ここでは週刊碁連載中の「つるりん式観る碁のすすめ~四字熟語編」で書ききれなかったこぼれ話を紹介します。(つる=鶴山淳志八段、りん=林漢傑八段)
今回はさわやか癒し系イケメン棋士、瀬戸大樹八段が登場しました。つる&りんと同年代でありながら今も昔と変わらぬさわやかさを維持する瀬戸八段は内面も非常にさわやか。「せっちゃんが嫌いな人は世の中にいるはずがない」「彼が毒を吐いたり黒いことを言ったりしているのを聞いたことがない」とつる&りんが断言するほどです。次回から瀬戸八段をゲストに関西棋士編が始まります。最近自他共にさわやかさが失われてきていると認めるつる&りんコンビにどのような風を吹き込んでくださるのかとても楽しみです。
さて、そんな瀬戸八段はそのそよ風のようなさわやかさゆえに普段、人前で羽目を外すということがありません。
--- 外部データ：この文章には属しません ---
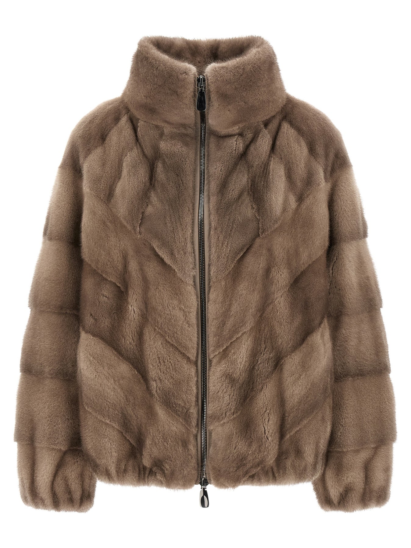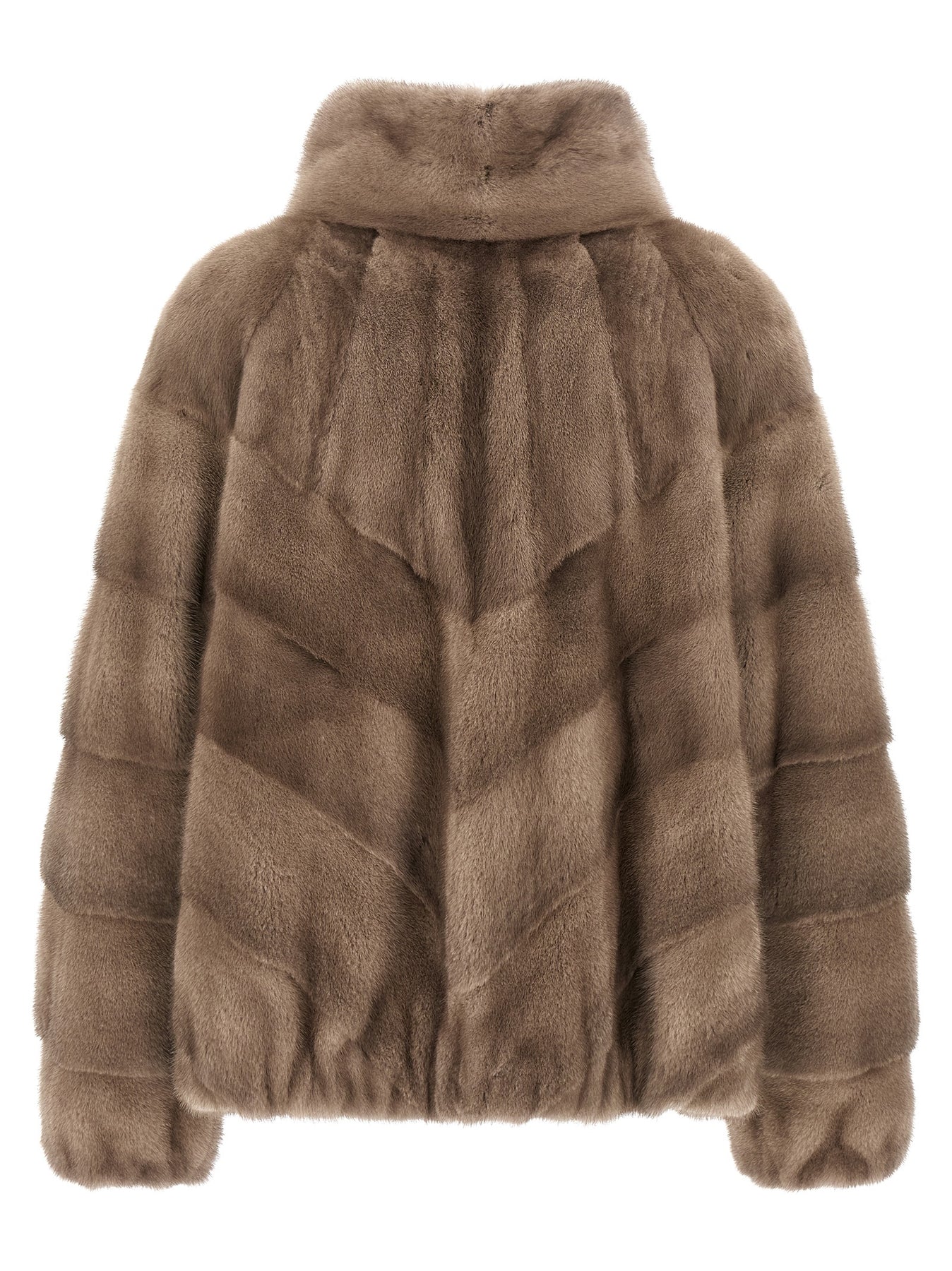 'Boy' jacket in herringbone effect mink fur, lining, crater collar, front zip closure, pockets, long sleeves with elastic cuffs, elastic hem.

しかしあるものを前にした時だけは、目の色が変わり、口調に熱気を帯びて、時に絶叫してしまうことがあるらしいのです。そのあるものとは、サッカーです。
瀬戸八段は横浜Fマリノスの大ファンで、よくゴール裏で応援歌を歌っているそうです。さらにヨーロッパサッカー、特にスペインサッカーへの造詣が深く、大好きなサッカーチーム、バルセロナを応援するために4回スペインへ渡ったことがあるとか。土日は基本サッカーを観るために予定を入れず、バルセロナの試合が中継される時には何時であろうとテレビの前でスタンバイ。その情熱はおそらく囲碁棋士NO1でしょう(瀬戸八段いわく「将棋の渡辺明名人や深浦康市九段は自分と同じかそれ以上の情熱をサッカーに対して持っていると思う。サッカー通としてとても尊敬している。叶うならいつかサッカーのお話をしてみたい」そうです)。
そんな瀬戸八段が最も我を忘れて狂喜したのが2005年の日本対ブラジル戦です。明け方4時頃、先輩の家でその一戦を観戦していた瀬戸八段は中村俊輔選手がゴールを決めた瞬間に、そこが先輩の家で、先輩には奥さんも子どももいて、みんなが寝ていることも忘れて、「ウオ―!!!」と今まで出したことがないような大声で叫んでしまったそうです(そしてもちろん怒られたそうです)。
瀬戸八段は言います。「あの時の無回転シュートには本当に心が震えました。あんな興奮は囲碁では感じたことがない。サッカーはすべてを解き放つための大切な時間です」と。